NACHVERFOLGUNG DER PATIENTEN

1. Qualitätskontrollen von Zellprodukten 1.1 Peripheres Blut.

   An den Tagen der Lymphozytenentnahme werden folgende Laboranalysen im peripheren Blut des Spenders durchgeführt:

   • Zählung und Differenzierung kernhaltiger Zellen in einem automatisierten Zellzähler;

   1.1.2 Leukaphereseprodukt sowie Start-, Zwischen- und Endfraktion der Treg-Selektion.

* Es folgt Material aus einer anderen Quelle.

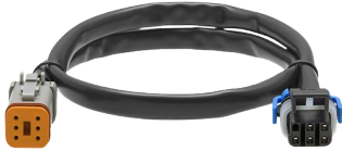
WVCPTCH200 Hilux Patch Kit (2 600mm Cables)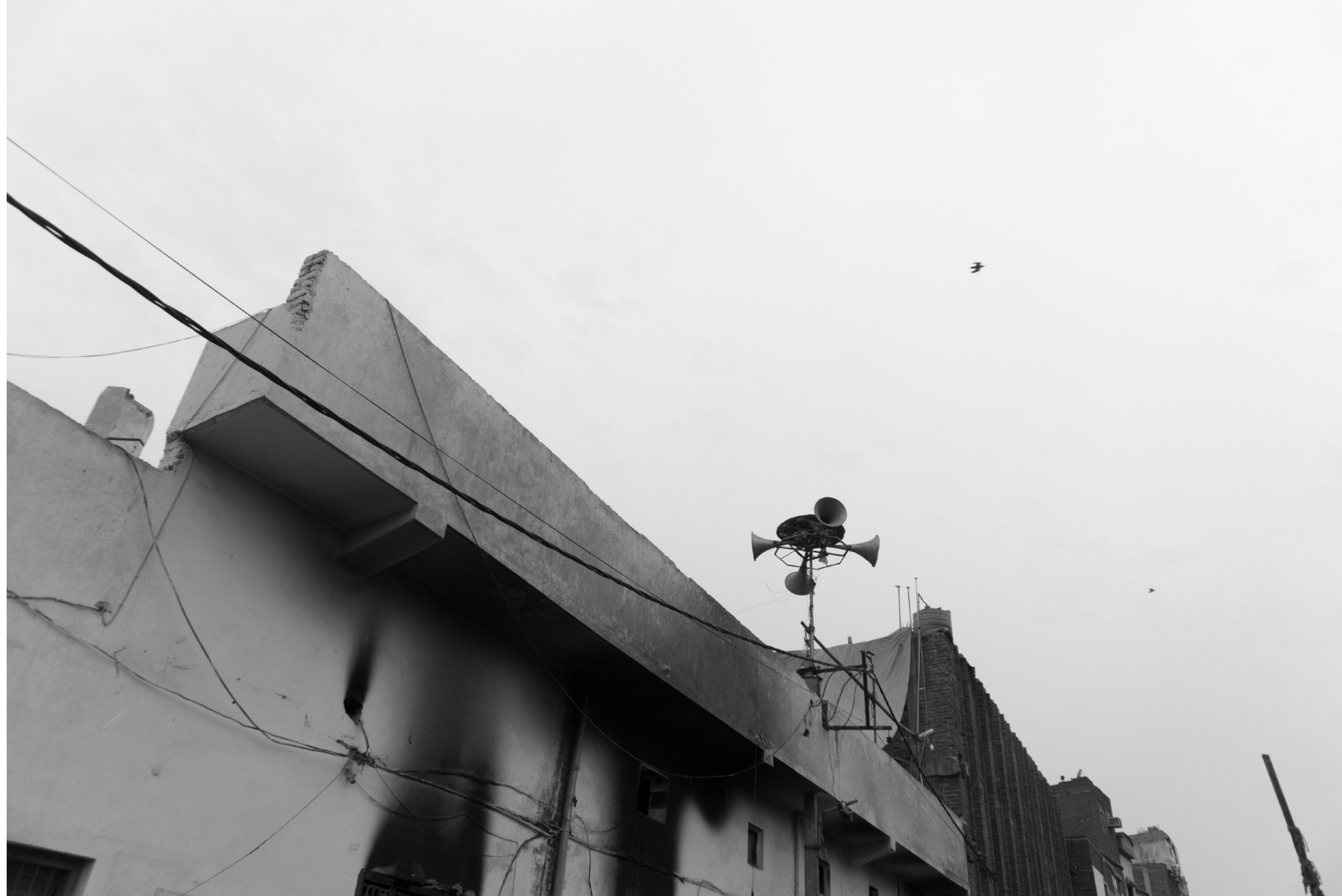
Loud speakers fixed on a pole on the terrace of the masjid. Exterior wall of the masjid covered in soot is also seen.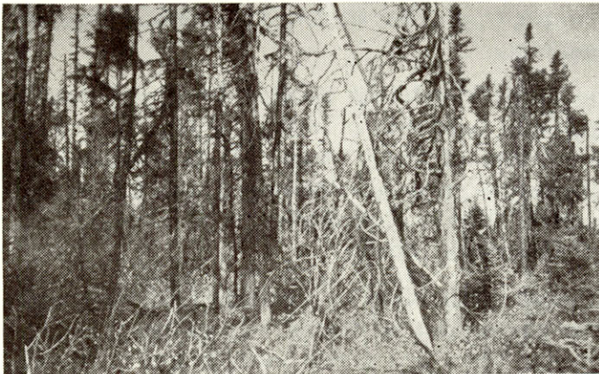
Figure 6. Haunt of Oeneis jutta in the tangle of half dead black spruces, at the edge of the same bog shown above.

   In der Lymphozytensammlung sowie Start-, Zwischen- und Endfraktion der Treg-Selektion werden folgende Laboranalysen durchgeführt:

   • Zählung kernhaltiger Zellen und Differential auf einem automatisierten Zellzähler;

   • FACS-Analyse mit Bestimmung der % Zellen (bezogen auf Gesamt-WBC) mit den Markern: CD20-FITC (Miltenyi #130-091-110), CD14-PE (Miltenyi #130-091-412), CD15-PE (Miltenyi #130 -091-390), CD56-PE (Miltenyi Nr. 130-090-910), CD45-VioBlue (Miltenyi Nr. 130-092-497), CD8-APC (Miltenyi Nr. 130-091-083), PropidiumIodid (Miltenyi Nr. 130 -093-233), Treg-Erkennungskit (CD4/Cd25/CD127) (Miltenyi Nr. 130-096-076) und Treg-Erkennungskit Nr. 2 (CD4/CD25/Foxp3)-APC (Miltenyi Nr. 130-094-158 ).
   • Treg-Phänotyp unter Verwendung der folgenden Marker: CD127, CD45RA, CCR4, CCR7 und KI67.
   • Schätzung der Treg-Funktion42.
   • Methylierungsstatus von CpG-Dinukleotiden, die sich in einer konservierten Region des FoxP3-Introns befinden
   • Zelllebensfähigkeit durch Trypanblau-Ausschluss.
   • Mikrobiologische Tests einschließlich Standardvirologie und Bakterienkultur.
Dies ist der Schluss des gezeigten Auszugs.